■ **WORK ITEM**: An exact copy of all the data is required, with pictures left out.

■ **INFORMATION PROVIDED**:
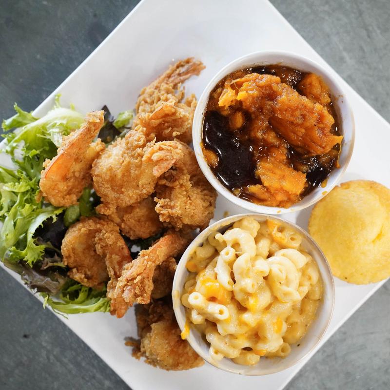 ½ lb. of our large jumbo shrimp, lightly breaded and flash-fried or grilled, served with your choice of two sides and cornbread.
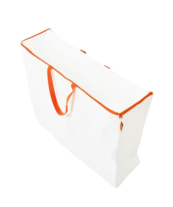 衣類や毛布などの収納や、衣替えの際に便利な大きなバッグです。お部屋の間を移動するときや重たいものの持ち運びに便利なハンドル付き。使わないときはコンパクトに畳んでおけるので場所をとりません。
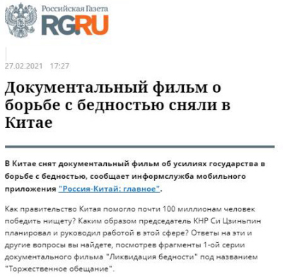 俄罗斯政府机关报《俄罗斯报》转发中俄头条报道称,中国政府如何帮助近1亿人摆脱贫困?中国国家主席习近平如何在这方面指挥开展工作?通过观看《摆脱贫困》纪录片,您将找到这些问题的答案。
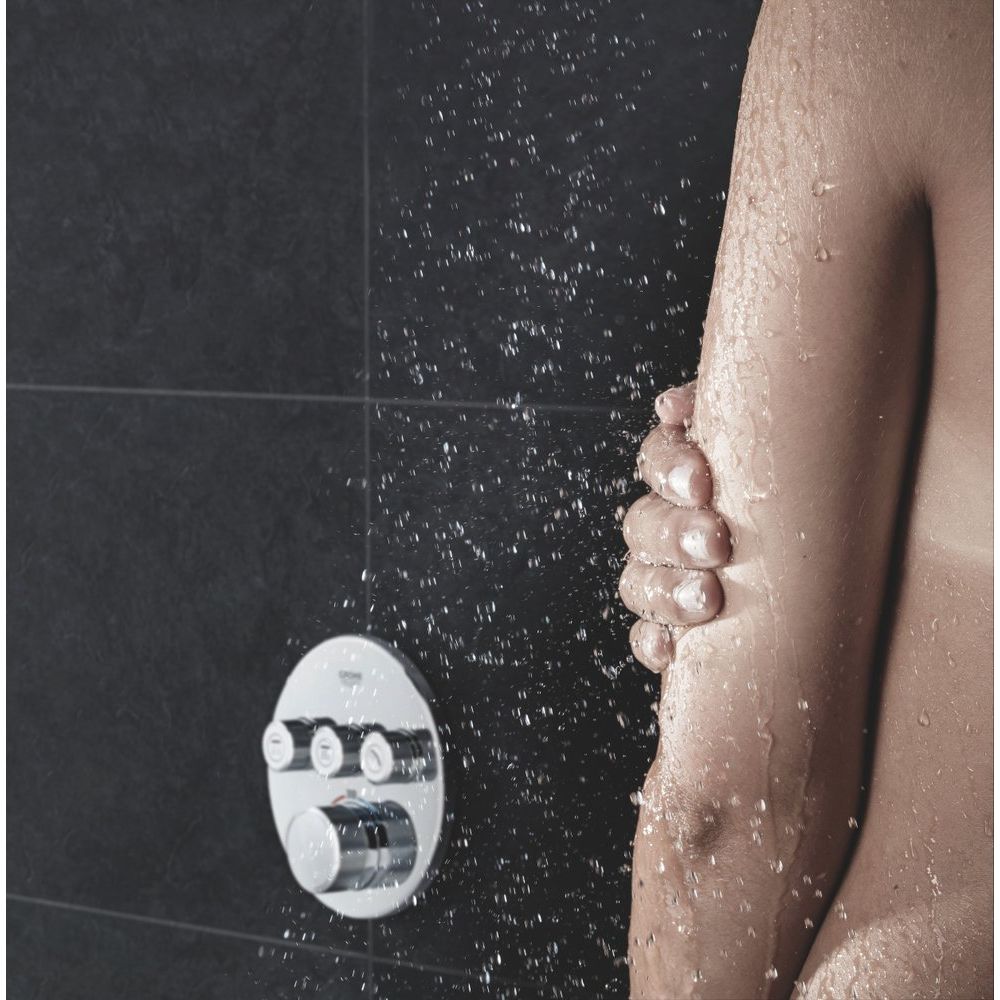 Откройте для себя мир инновационных технологий с термостатическим смесителем Grohe Grohtherm SmartControl 29121000. Этот смеситель скрытого монтажа от легендарного немецкого бренда Grohe создает идеальные условия для вашего душа, предоставляя полный контроль над каждой каплей. Его изысканный, минималистичный внешний вид представлен в форме круглой панели, которая обеспечивает легкий доступ к регулировке степени напора и температуре воды. Три смарт-кнопки SmartControl позволяют включать и отключать воду в различных зонах - будь то верхний или ручной душ, либо излив для ванны. Поворотные регуляторы делают настройку напора простой и понятной, от экономичного режима EcoJoy до максимального. Установленная температура поддерживается благодаря революционной технологии GROHE TurboStat®, гарантируя безопасность с пределом в 38°C для защиты от случайных ожогов.

■ **TASK ANSWER**:
 ½ lb. of our large jumbo shrimp, lightly breaded and flash-fried or grilled, served with your choice of two sides and cornbread.
 衣類や毛布などの収納や、衣替えの際に便利な大きなバッグです。お部屋の間を移動するときや重たいものの持ち運びに便利なハンドル付き。使わないときはコンパクトに畳んでおけるので場所をとりません。
 俄罗斯政府机关报《俄罗斯报》转发中俄头条报道称,中国政府如何帮助近1亿人摆脱贫困?中国国家主席习近平如何在这方面指挥开展工作?通过观看《摆脱贫困》纪录片,您将找到这些问题的答案。
 Откройте для себя мир инновационных технологий с термостатическим смесителем Grohe Grohtherm SmartControl 29121000. Этот смеситель скрытого монтажа от легендарного немецкого бренда Grohe создает идеальные условия для вашего душа, предоставляя полный контроль над каждой каплей. Его изысканный, минималистичный внешний вид представлен в форме круглой панели, которая обеспечивает легкий доступ к регулировке степени напора и температуре воды. Три смарт-кнопки SmartControl позволяют включать и отключать воду в различных зонах - будь то верхний или ручной душ, либо излив для ванны. Поворотные регуляторы делают настройку напора простой и понятной, от экономичного режима EcoJoy до максимального. Установленная температура поддерживается благодаря революционной технологии GROHE TurboStat®, гарантируя безопасность с пределом в 38°C для защиты от случайных ожогов.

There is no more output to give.